Now, if you’re anything like me then you’ve got GA installed on your site and have compared the data it produces with the data thrown up by your web server’s stats (something called AWStats, in my case). More often than not, the figures don’t seem to agree – in fact, generally I’d say that GA reports substantially fewer visits than the server stats show.
Why should that be? The answer is that GA relies on a technique called page tagging, whereas logfile analysis depends on the data generated by your server as it records each individual file it serves. Let’s find out what that means in practice.
For one thing, it means that views of cached pages are recorded. If a page is cached by the user’s own browser or by the user’s ISP for future use, a subsequent visit to that page won’t be recorded in the website server’s logfiles – because the files have been retrieved from the cache and not from the server. So a substantial number of revisits to a site may be missed in stats generated from logfiles.
On the other hand, there are some users and visits that GA misses.
Which way does the cookie crumble?
One month on, it’s unclear how far users of websites have taken to blocking GA cookies as a result of all this publicity. It could be an insignificant number, or it could be tens of thousands. But inevitably the effect will be to depress GA visit figures – the only question is, by how much?
“Block ad” tackle
A longer-standing problem is the existence of browser plug-ins that remove advertising from web pages. Some of these plug-ins may block the GATC, whether automatically or as a configurable option.

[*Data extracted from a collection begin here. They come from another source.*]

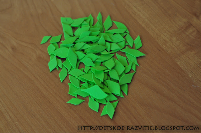 Для начала, как всегда, подготовка. Нужно нарезать "листики" для дерева и нарисовать голые ветки.
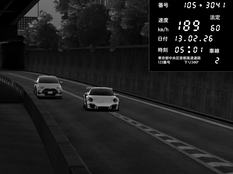| 2026/02/12 05:43 | C1外回り 京橋 | 234 / 60 km/h | baey | Porsche 911 GT3 RS | CAPTURE |
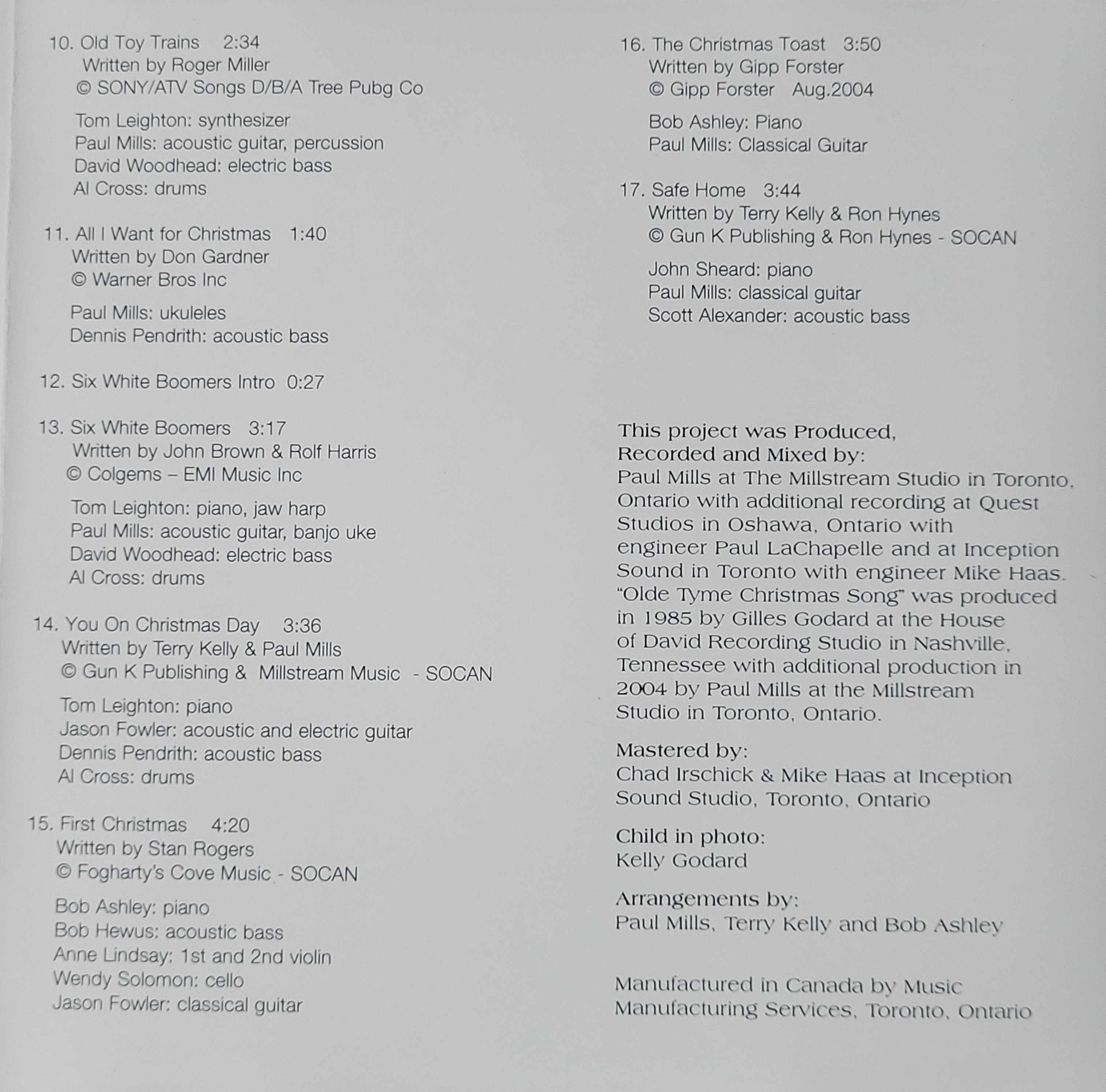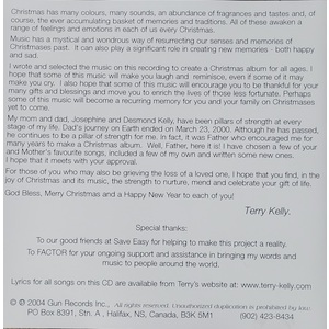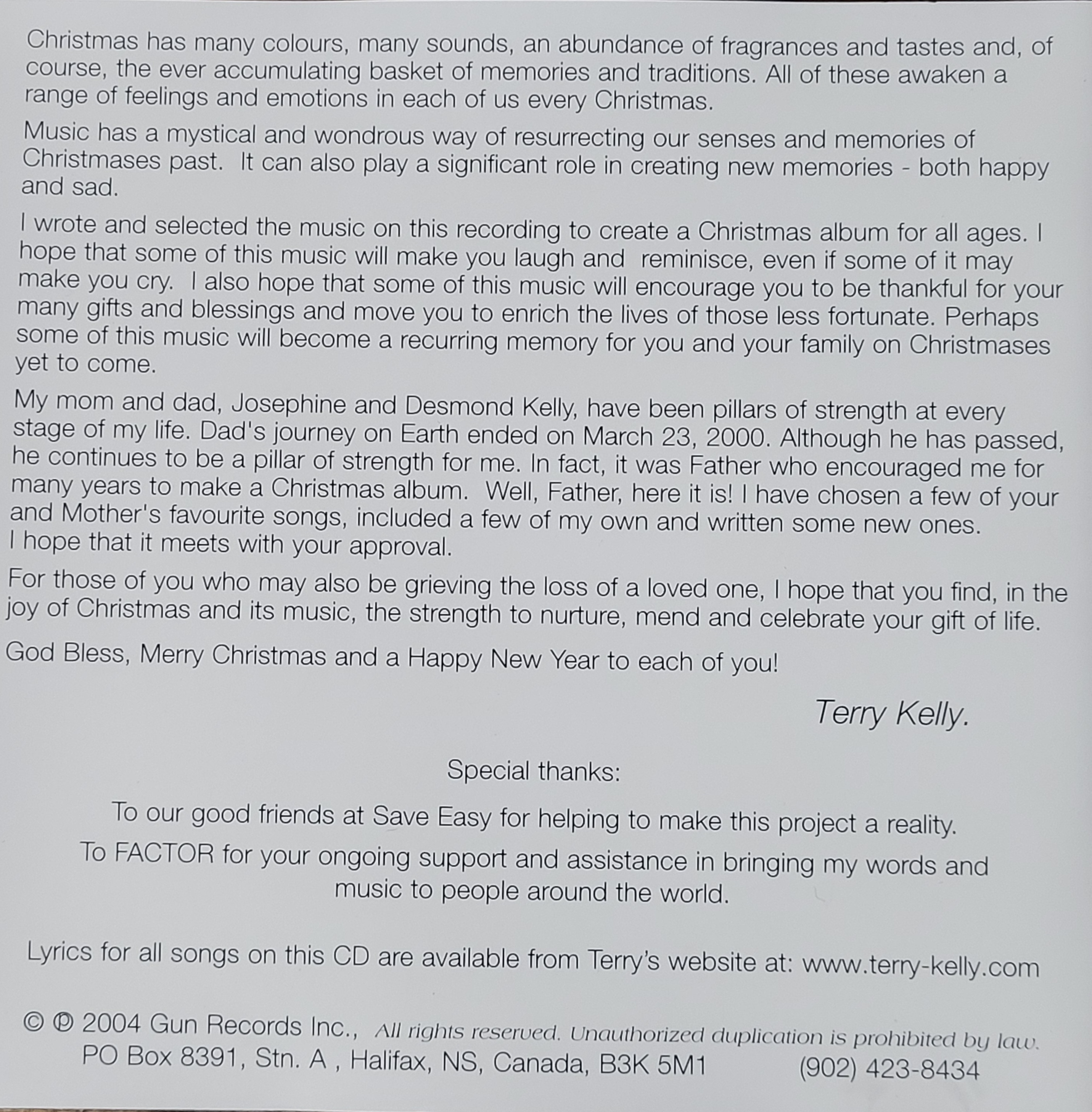 I wrote and selected the music on this recording to create a Christmas album for all ages. I hope that some of this music will make you laugh and reminisce, even if some of it may make you cry. I also hope that some of this music will encourage you to be thankful for your many gifts and blessings and move you to enrich the lives of those less fortunate. Perhaps some of this music will become a recurring memory for you and your family on Christmases yet to come.
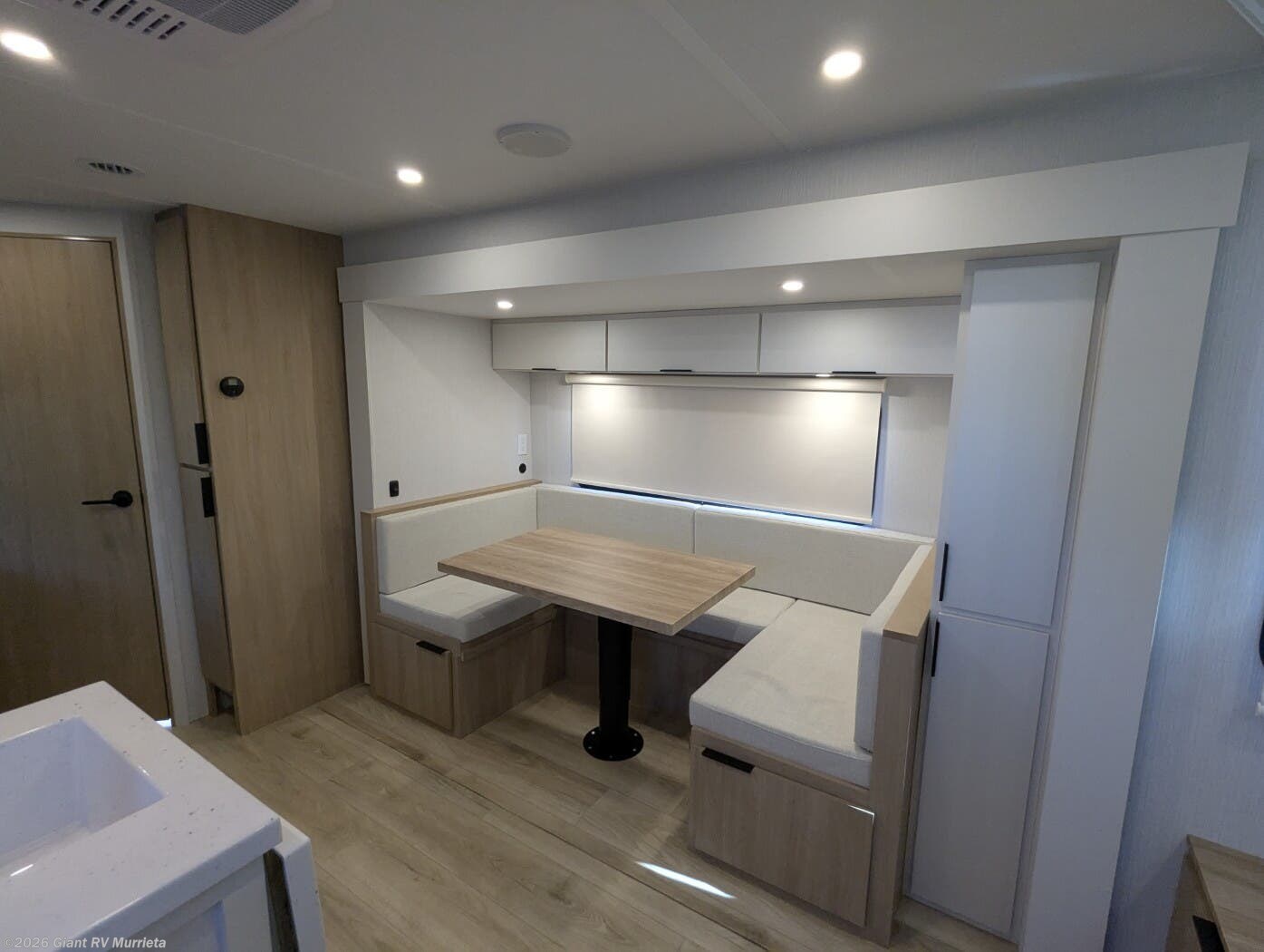 - Open Living & Kitchen Area with U-shaped dinette and smart flow between cooking, dining, and relaxing.
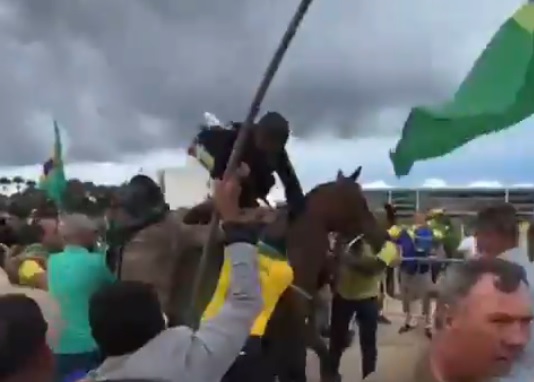 A imagem de um policial da cavalaria sendo agredido a pauladas por bolsonaristas comprovam o descontrole e a violência dos atos registrados hoje.
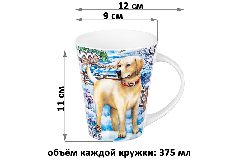 Набор 2 кружек 375 мл 12*9*11 см "Хаски и Лабрадор", фарфор
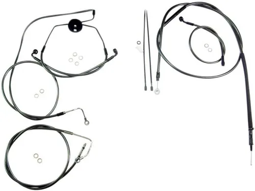 Los únicos kits completos con cables trenzados y líneas de freno a juego Los kits están disponibles para la mayoría de los modelos ABS y no ABS con 12 pulgadas. hasta 20 pulgadas. Manillares estilo colgador mono instalado Los kits incluyen cables de acelerador y ralentí (excepto aparadores 08-15), cable de embrague o línea de embrague hidráulico, líneas de freno delanteras, arandelas de trituración de cobre, hardware y extensiones de cableado correctamente coloreadas con conectores estilo OE y tubo retráctil Dos opciones de color trenzado para complementar tu bicicleta: Sterling Chromite II o Black Pearl Todos los accesorios son de cromo pulido o cromo negro
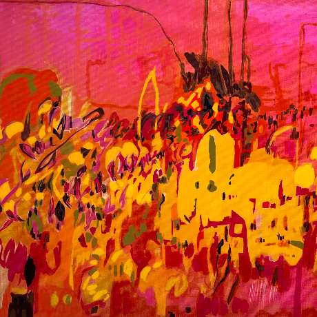 This painting encapsulates the constant unfurling of time. The flooding of visual information feels chaotic. And, it is. It’s an explosion of places I’ve been, people I’ve met, feelings I’ve felt and experiences I’ve lived.
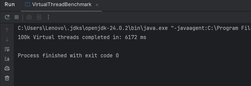 As the benchmark shows, 100K platform thread took just about 25 seconds to complete, while 100K virtual threads finished in just over 6 seconds — nearly four times quicker. Furthermore, to a greater extent importantly, the virtual-thread edition run with a fraction of the computer memory footprint and zero configuration change. This demonstrates exactly why virtual threads are a game-changer for I/O-heavy concurrency in Java.
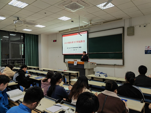 在讲座开始之前,辅导员梅旭鹏先就2020级本科生学情作了通报。他依据极速炸金花
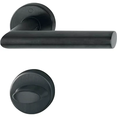 The handle set is made of robust and durable stainless steel and impresses with a black matte surface The door handle sits comfortably in the hand and allows for comfortable opening and closing of the door The innovative Hoppe quick-pin technology allows quick and easy installation of the door handles Rosette toilet: diameter 52 x 8 mm, square quick pin: 8 mm loose with A-sleeve to 8.5 mm, door thickness: 37 - 42 mm Box contents: "Amsterdam" handle set - 2x door handles on round rosette 2x rosette toilet, stainless steel black matt, Weight: 1.212542441 Pounds, Manufacturer: HOPPE
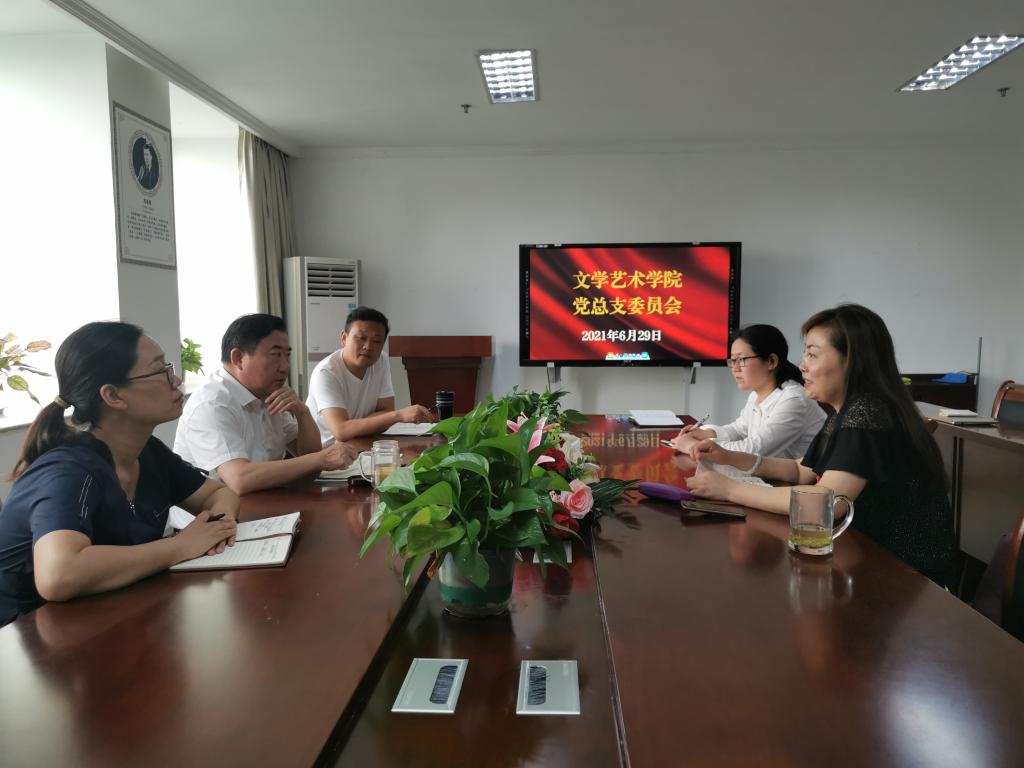 2021年6月29日下午,文学艺术学院召开中心组学习会议,专题学习了《关于若干历史问题的决议》、《关于建国以来党的若干历史问题的决议》和习近平总书记在参观“‘不忘初心、牢记使命’中国共产党历史展览”时重要讲话精神。会议由院党总支书记关照霞主持,中心组全体成员参会。
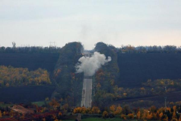 Sebuah ledakan dari roket di jalan utama Bakhmut, Ukraina, 28 Oktober 2022. Foto: Reuters
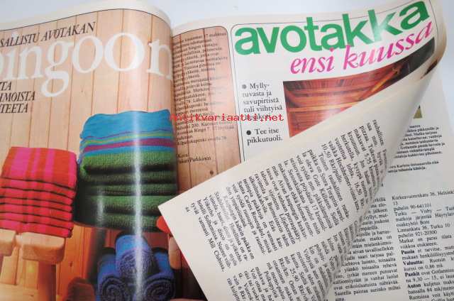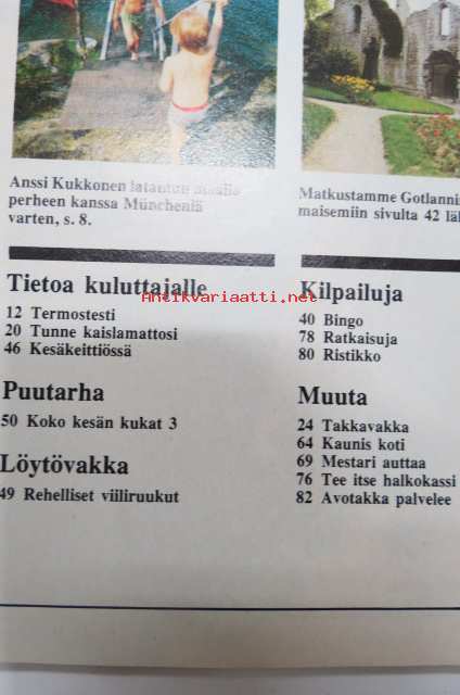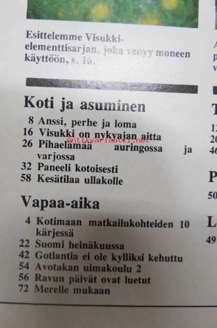 Avotakka 1972 nr 7, Anssi Kukkonen lomailee, Termosastiat testissä, Visukki-aitta, Kaislamatot, Pihaelämä, Paneeli kotoisasti, ym.
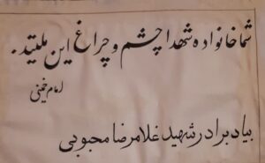 شهید غلامرضا محبوبی خمینی بر اثر اصابت گلوله به یک چشم و همچنین قلبش در شانزدهم تیر ماه سال ۶۵ در منطقه عملیاتی مهران و در تپههای قلاویزان به فیض شهادت رسید. به نقل از برادرم، همسرم را با سیمینوف (یک نوع اسلحه جنگی دقیق) به شهادت رساندند.
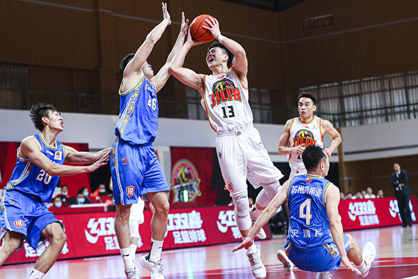次节,钟诚长传前场代怀博扣篮得手,黄荣奇底角三分命。暂停回来,姜伟泽右翼三分命中,黄荣奇快攻上篮得分,刘宇轩三分再中后,姜伟泽继续外线还以颜色,随后反击打成2+1,史鸿飞大号三分命中,郑祺龙左翼三分命中,半场结束,吉林54-42领先江苏。
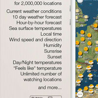 Planning a day at the beach or a boating trip? Are you curious about what the water temperature is at your favorite place to swim? World Weather Map HD is the fastest, easiest-to-use, weather application that displays current weather conditions and sea surface temperature directly on the map.
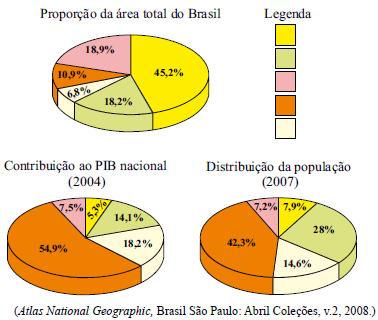 Correlacione, com as regiões brasileiras, as informações contidas nos setogramas (área, PIB, população). Identifique as regiões brasileiras correspondentes a cada item da legenda.
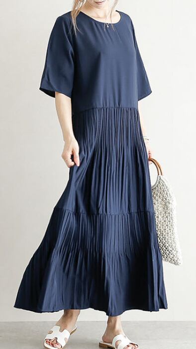 ワンピース ロングスカート プリーツスカート フレアスカート フレアワンピース ティアードワンピース ロング ロング丈 9分丈 アンクル丈 袖あり 半袖 5分袖 五分袖 ラウンドネック フレア セミフレア ストレート プリーツ かわいい 大人可愛い きれいめ シンプル カジュアル 大人 上品 おしゃれ お洒落 大人可愛い 大人女子 こなれ感 ラフ ラブリー キュート モダン とろみ感 抜け感 無地 春 夏 10代 20代 30代 40代 着回し 普段使い 色展開 黒 ブラック ベージュ ネイビー
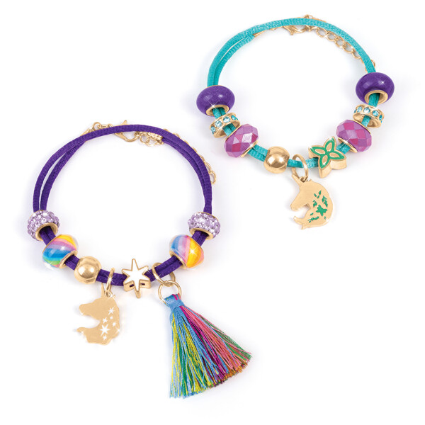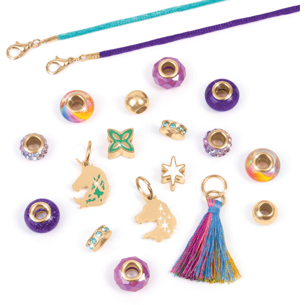 Lag to fantastiske armbånd inspirert av favoritter fra Netflix-serien Unicorn Academy. Settet inneholder to livlige farger av snor og 17 blendende perler og anheng som fanger seriens magiske essens.

OK, so we’ve had a look at the human visitors and how GA records them (or doesn’t, in some cases). But what about the logfiles? Are there any peculiarities that affect their figures?
Where logfile analysis wins hands-down is on non-human visitors – the search engine spiders, or “bots”.
The other big advantage that server logfiles have is that the data they record don’t have to travel to a remote location; they’re recorded there and then. With GA and other page-tagging stats analysis tools, the data must be sent from the users’ browser to the tool’s own servers, and thus have to negotiate the Internet before being recorded. If there are any problems along the way, then the data may be delayed or even lost.
Don’t sweat the small stuff
Ultimately, though, it’s probably not worth fretting about the discrepancies between page tags and logfiles. As Kay’s said before, avoid paralysis by analysis – it’s the overall trends that are likely to give you the most worthwhile information, not the individual visitors’ actions.